Ini tercantum dalam Serat Calon Arang bagian pertama.
Kedua,
Mpu Bharada diminta raja Airlangga untuk membagi kerajaan Kediri menjadi dua.
Semua ini bermula dari pertikaian diantara kedua anaknya raja Airlangga.
Keduanya saling berebut untuk menjadi raja menggantikan Airlangga. Tak ada
satupun dari keduanya yang mau mengalah. Airlangga yang tak ingin terjadi
perang saudara sepeninggal dirinya nanti, akhirnya memutuskan membagi kerajaan
Kediri menjadi dua. Mpu Bharada inilah yang Airlangga percaya mampu membagi
wilayah kerajaan secara adil. Ini dimuat dalam Serat Calon Arang bagian dua dan
Nagarakretagama pupuh 68.
Kesejarahan Mpu Bharada
Meski
Mpu Bharada diceritakan memiliki kekuatan yang luar biasa dan di luar nalar
manusia yakni bisa menghidupkan orang mati dll, bukan berarti ia bukanlah tokoh
sejarah. Sebagai contoh, para sunan. Mereka dikisahkan memiliki karomah yang
amazing. Sunan Giri bisa menyeberangi laut dalam waktu singkat. Sunan Kalijaga
diceritakan bisa bertahan hidup meski tidak makan, tidak minum berbulan-bulan
lamanya hingga tubuhnya lumutan karena menunggu tongkat Sunan Bonang di
pinggiran kali. Namun, meski demikian para tokoh Walisongo tetap diakui ada,
pernah hidup, dan menjadi bagian dari sejarah Indonesia. Berarti, kasus Mpu
Bharada pun bisa dibaca demikian.
Untuk
membuktikan kesejarahan tokoh ini, author mengumpulkan beberapa literature.
Literature pertama, Serat Calon Arang. Di buku ini, nama Mpu Bharada
jelas-jelas disebutkan, baik pada bagian pertama maupun kedua. Serat Calon
Arang bab XII berbunyi, “Satu buah tahta dibuat di sebelah
Timur dan satu buah lagi di sebelah Barat. Yang bertahta sebelah Timur di sebut
Raja Janggala, yang bertahta di sebelah Barat Raja Kediri.”
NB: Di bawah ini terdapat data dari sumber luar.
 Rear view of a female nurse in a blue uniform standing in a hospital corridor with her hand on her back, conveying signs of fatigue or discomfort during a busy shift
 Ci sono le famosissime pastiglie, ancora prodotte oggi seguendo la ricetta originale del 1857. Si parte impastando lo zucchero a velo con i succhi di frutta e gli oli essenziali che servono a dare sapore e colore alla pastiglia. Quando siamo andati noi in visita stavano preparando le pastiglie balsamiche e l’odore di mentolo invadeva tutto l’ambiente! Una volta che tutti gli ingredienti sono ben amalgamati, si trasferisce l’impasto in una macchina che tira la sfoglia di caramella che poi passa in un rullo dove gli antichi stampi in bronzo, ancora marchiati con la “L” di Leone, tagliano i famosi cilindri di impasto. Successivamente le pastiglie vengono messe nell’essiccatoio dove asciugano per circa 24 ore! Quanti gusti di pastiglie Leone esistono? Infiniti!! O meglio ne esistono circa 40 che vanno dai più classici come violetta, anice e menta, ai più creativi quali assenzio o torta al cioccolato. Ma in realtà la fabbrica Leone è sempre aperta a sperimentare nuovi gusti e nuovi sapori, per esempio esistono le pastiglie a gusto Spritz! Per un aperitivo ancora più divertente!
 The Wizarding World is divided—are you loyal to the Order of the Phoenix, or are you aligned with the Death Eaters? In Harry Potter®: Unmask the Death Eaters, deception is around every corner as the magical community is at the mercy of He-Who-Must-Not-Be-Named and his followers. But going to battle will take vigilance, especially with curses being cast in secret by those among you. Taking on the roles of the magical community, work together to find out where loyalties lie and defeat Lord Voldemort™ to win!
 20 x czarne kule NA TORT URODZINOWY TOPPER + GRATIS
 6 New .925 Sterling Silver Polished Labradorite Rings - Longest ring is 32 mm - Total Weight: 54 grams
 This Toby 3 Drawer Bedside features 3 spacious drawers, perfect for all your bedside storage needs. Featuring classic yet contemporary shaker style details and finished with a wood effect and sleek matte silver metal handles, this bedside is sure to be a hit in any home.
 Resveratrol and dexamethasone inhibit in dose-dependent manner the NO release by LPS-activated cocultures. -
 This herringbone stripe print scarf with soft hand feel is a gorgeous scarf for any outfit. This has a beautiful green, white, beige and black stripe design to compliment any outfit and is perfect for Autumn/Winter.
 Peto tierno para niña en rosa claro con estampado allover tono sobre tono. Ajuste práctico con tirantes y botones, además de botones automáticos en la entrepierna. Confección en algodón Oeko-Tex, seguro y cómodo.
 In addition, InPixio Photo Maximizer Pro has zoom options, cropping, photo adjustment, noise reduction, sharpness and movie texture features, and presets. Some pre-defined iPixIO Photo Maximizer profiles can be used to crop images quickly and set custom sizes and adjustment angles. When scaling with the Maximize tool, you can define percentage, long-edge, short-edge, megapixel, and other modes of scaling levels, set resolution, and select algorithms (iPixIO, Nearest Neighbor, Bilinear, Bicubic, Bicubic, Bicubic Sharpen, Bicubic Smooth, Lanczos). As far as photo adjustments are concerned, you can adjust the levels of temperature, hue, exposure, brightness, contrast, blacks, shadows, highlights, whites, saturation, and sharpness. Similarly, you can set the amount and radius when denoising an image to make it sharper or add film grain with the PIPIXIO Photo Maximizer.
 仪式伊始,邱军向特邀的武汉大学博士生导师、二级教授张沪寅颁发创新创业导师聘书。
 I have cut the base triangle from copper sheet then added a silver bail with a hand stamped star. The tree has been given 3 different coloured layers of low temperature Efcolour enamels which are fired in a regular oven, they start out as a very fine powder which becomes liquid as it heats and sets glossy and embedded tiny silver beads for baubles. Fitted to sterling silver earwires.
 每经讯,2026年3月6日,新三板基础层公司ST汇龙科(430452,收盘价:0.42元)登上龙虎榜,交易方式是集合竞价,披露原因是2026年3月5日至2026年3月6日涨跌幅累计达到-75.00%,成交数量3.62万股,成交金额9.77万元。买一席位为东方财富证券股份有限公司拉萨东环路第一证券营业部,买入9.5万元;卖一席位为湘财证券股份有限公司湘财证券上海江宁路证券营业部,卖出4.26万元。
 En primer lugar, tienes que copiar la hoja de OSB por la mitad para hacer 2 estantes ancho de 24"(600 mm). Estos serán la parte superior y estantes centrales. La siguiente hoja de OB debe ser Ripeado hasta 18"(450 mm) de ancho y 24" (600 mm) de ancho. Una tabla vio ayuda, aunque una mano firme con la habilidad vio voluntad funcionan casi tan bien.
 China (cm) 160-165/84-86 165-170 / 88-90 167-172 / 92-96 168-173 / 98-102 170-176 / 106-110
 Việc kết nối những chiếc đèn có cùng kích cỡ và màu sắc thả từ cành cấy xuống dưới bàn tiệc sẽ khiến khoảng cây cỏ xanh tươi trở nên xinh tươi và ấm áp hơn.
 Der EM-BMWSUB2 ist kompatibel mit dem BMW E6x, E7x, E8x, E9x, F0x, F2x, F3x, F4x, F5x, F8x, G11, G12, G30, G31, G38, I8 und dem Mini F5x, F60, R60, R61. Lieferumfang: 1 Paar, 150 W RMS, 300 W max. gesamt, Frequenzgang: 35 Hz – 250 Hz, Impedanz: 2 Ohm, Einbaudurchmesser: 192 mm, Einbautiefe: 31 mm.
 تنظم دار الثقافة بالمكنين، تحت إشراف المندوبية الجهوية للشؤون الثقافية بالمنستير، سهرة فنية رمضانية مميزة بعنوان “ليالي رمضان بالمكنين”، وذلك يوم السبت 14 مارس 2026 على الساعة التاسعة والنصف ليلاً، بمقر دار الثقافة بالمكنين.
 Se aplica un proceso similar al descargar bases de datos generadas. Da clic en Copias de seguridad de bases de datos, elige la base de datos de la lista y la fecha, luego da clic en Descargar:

Serat Calon Arang bab XIII berbunyi, “Serbuan Janggala oleh Raja Kediri.
Sengketa antara raja Janggala dan Kediri menyebabkan penarikan batas kerajaan
Janggala dan Kediri disertai kutuk oleh Mpu Bharada”
Nagarakretagama
pupuh 68 terjemahan C.C. Berg dalam Herkomst, Vorm en Functie der Medeeljavaansche
Rijksdeling Stheorie tahun 1953 berbunyi, “Pembelahan itu dilakukan oleh Mpu
Bharada dengan memancurkan air kendi dari arah Barat ke Timur sampai laut
membagi pulau Jawa menjadi dua: sebagian terletak di seberang Utara dan
sebagian di seberang selatan. Sebenarnya kedua kerajaan itu tidak jauh satu
sama lain, tetapi kelihatannya seolah-olah jauh terpisah oleh laut. Jawa lalu
diperintah oleh dua raja.”
Memang
kedua sumber itu, baik Serat Calon Arang maupun Nagarakretagama kurang layak
dijadikan rujukan sejarah, karena keduanya sama-sama karya sastra gubahan para
pujangga masa itu. Jaman sekarang mungkin sebutannya novel berlatar sejarah.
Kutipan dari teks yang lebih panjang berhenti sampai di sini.